**Task directions**
Only the lines from the beginning of the data through the line holding "Ti nejmenší mohou" belong in the answer, printed exactly and without pictures.
─── Records to process ───
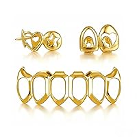 ZZQPSD Gold Grillz Set Open Face Hip Hop Teeth Jewelry Gold Plated Dental Caps for Top Bottom Removable Grills for Men Women 479,712đ
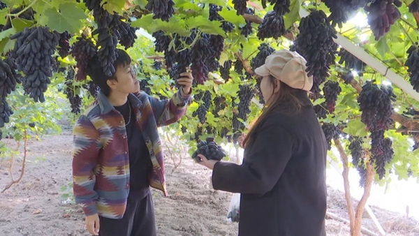 湖北游客朱海鹏:“我觉得很新奇,让人赏心悦目。没想到在10月底还能够吃到这么好的葡萄。”
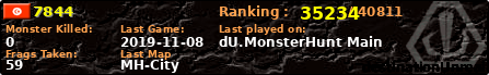| Server | Map | LastGame | Score | Teamscore | Monsterleft | Deaths | Suicides | TKs | Distance | Playtime | |
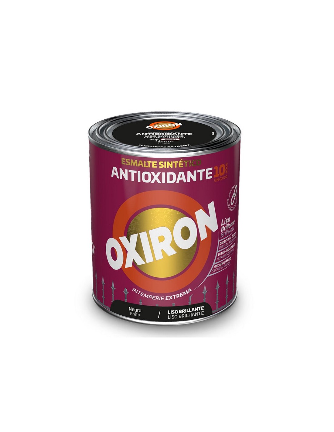 Esmalte sintético liso OXIRON Antioxidante Secado rápido. Aplicación directa sobre acero y óxido. No necesita imprimación. Alto brillo. Gran adherencia, dureza y resistencia. Repintar a partir de 2 h. 750 ml. Negro. Brillante.
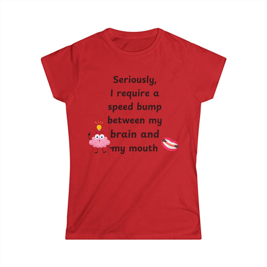 Female T-Shirt - Sarcastic Funny – "I Require a Speed Bump Between My Brain and My Mouth" (1a)
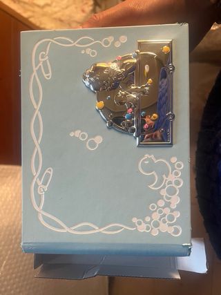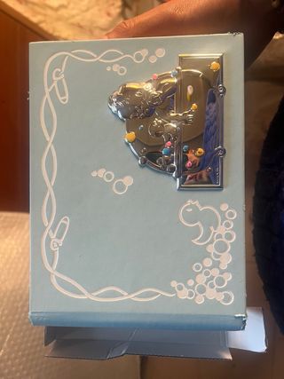 Album per neonato in argento nuvo, completo di scatola originale. - Design con dettagli in rilievo. - Tema con bolle e figure stilizzate. - Scatola inclusa per conservazione o regalo.
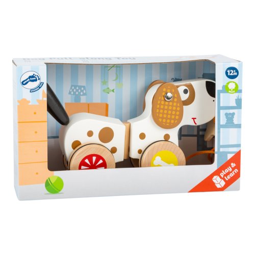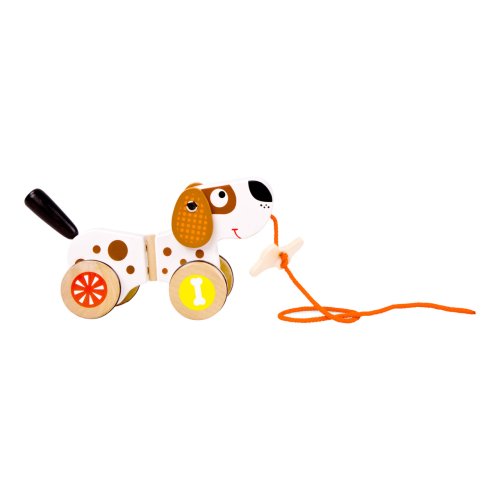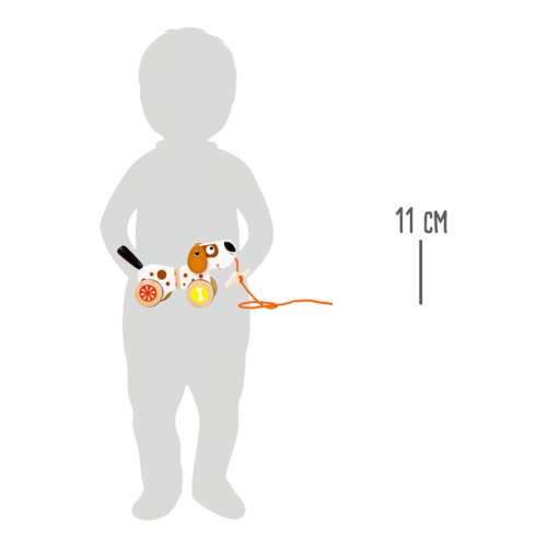 Ti nejmenší mohou tohoto roztomilého pejska táhnout za sebou. Díky gumovým kroužkům na pneumatikách je pejsek velmi tichý. Při jízdě vrtí ocáskem a jako odměna mu slouží kost na provázku. Malé děti mohou tohoto pejska tahat za sebou. Hlavní vlastnosti: na provázkurozvíjí koordinaci pohybů dětís gumovým proužkem pro tichý chod
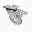 Pressed steel swivel castor with a top plate fixing fitted with a white nylon wheel with a roller bearing and total lock brake. Wheel diameter 125mm, tread width 35mm, overall height 155mm, top plate 105mm x 86mm, hole centres 80mm x 60mm. Load capacity 300kg.
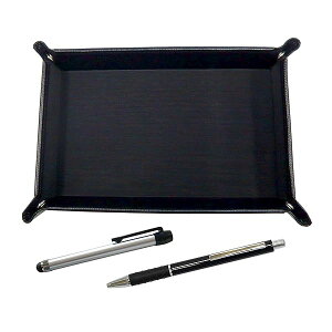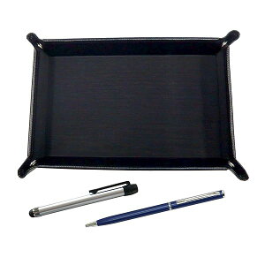日本製のシボ牛革ペントレイと日本製スマートフォン用タッチペンと国産太軸金属ボールペン(黒軸)のセット ペントレイ(黒) 材質:内側布貼り、外側牛革 サイズ:185mm×125mm×30mm タッチペン(銀)...
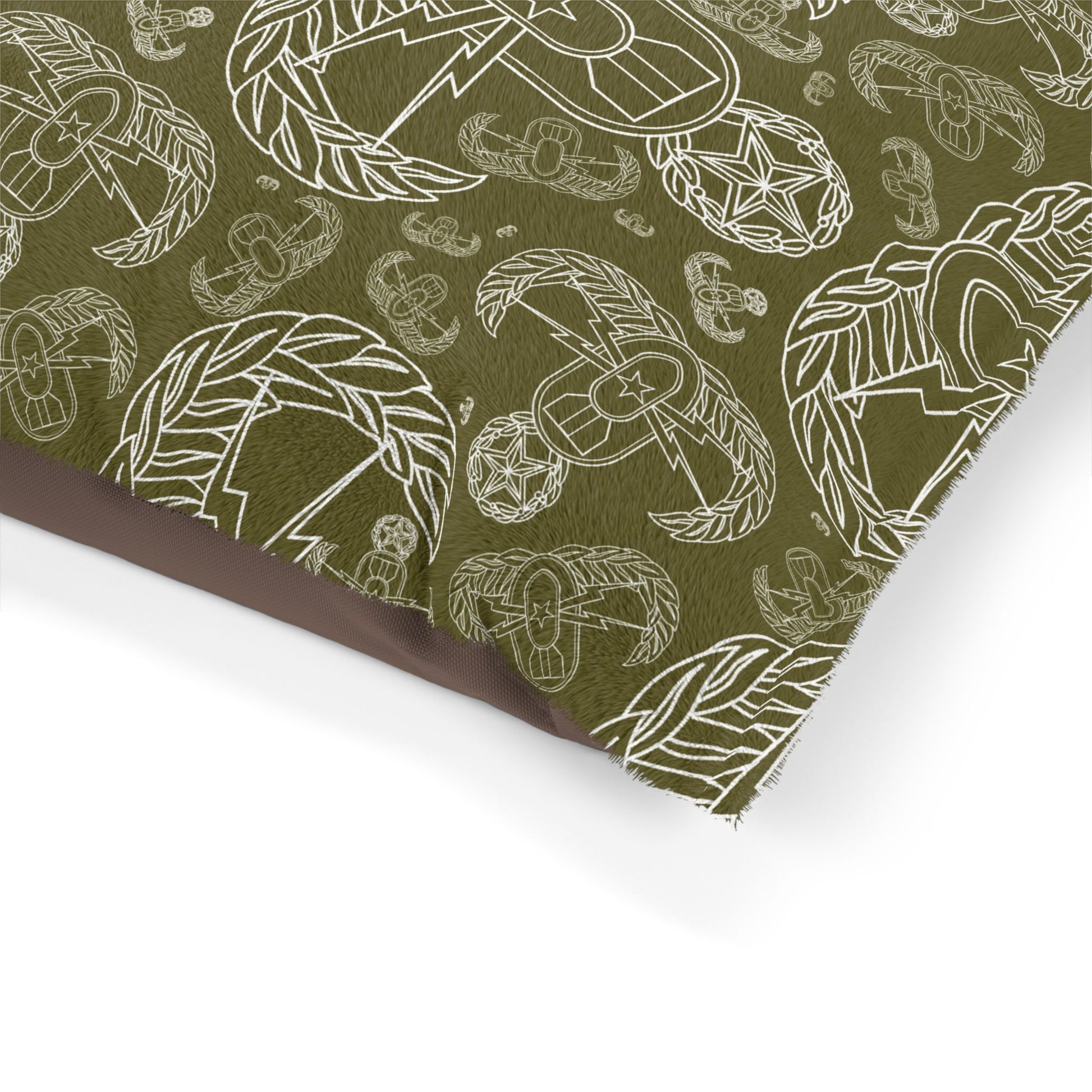 Pet Bed — "EOD Mixed Badges" (White on Olive)
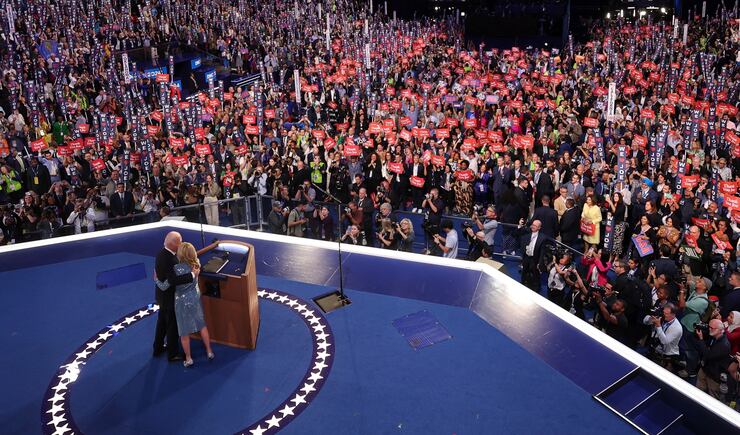 She returned onstage after Biden’s speech, hugging the president and greeting the audience with him for several minutes after his address concluded.
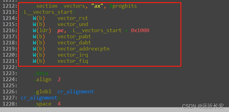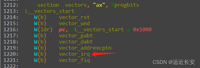 打开archarmkernelentry-armv.S,可以找到一个vectors,里面存放的就是异常向量。
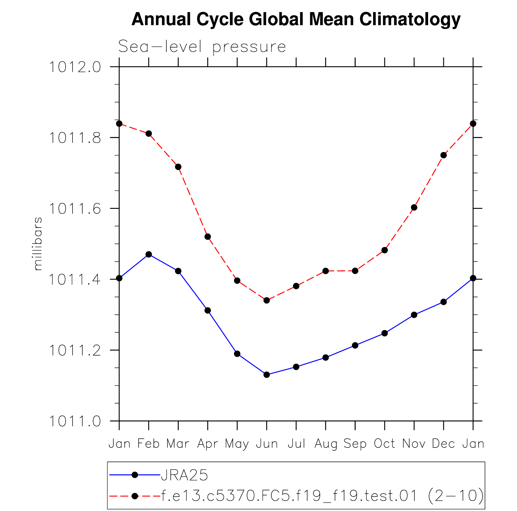 DIAG Set 10 - Annual cycle line plots of global means
───
**Your solution**
 ZZQPSD Gold Grillz Set Open Face Hip Hop Teeth Jewelry Gold Plated Dental Caps for Top Bottom Removable Grills for Men Women 479,712đ
 湖北游客朱海鹏:“我觉得很新奇,让人赏心悦目。没想到在10月底还能够吃到这么好的葡萄。”
| Server | Map | LastGame | Score | Teamscore | Monsterleft | Deaths | Suicides | TKs | Distance | Playtime | |
 Esmalte sintético liso OXIRON Antioxidante Secado rápido. Aplicación directa sobre acero y óxido. No necesita imprimación. Alto brillo. Gran adherencia, dureza y resistencia. Repintar a partir de 2 h. 750 ml. Negro. Brillante.
 Female T-Shirt - Sarcastic Funny – "I Require a Speed Bump Between My Brain and My Mouth" (1a)
 Album per neonato in argento nuvo, completo di scatola originale. - Design con dettagli in rilievo. - Tema con bolle e figure stilizzate. - Scatola inclusa per conservazione o regalo.
 Ti nejmenší mohou tohoto roztomilého pejska táhnout za sebou. Díky gumovým kroužkům na pneumatikách je pejsek velmi tichý. Při jízdě vrtí ocáskem a jako odměna mu slouží kost na provázku. Malé děti mohou tohoto pejska tahat za sebou. Hlavní vlastnosti: na provázkurozvíjí koordinaci pohybů dětís gumovým proužkem pro tichý chod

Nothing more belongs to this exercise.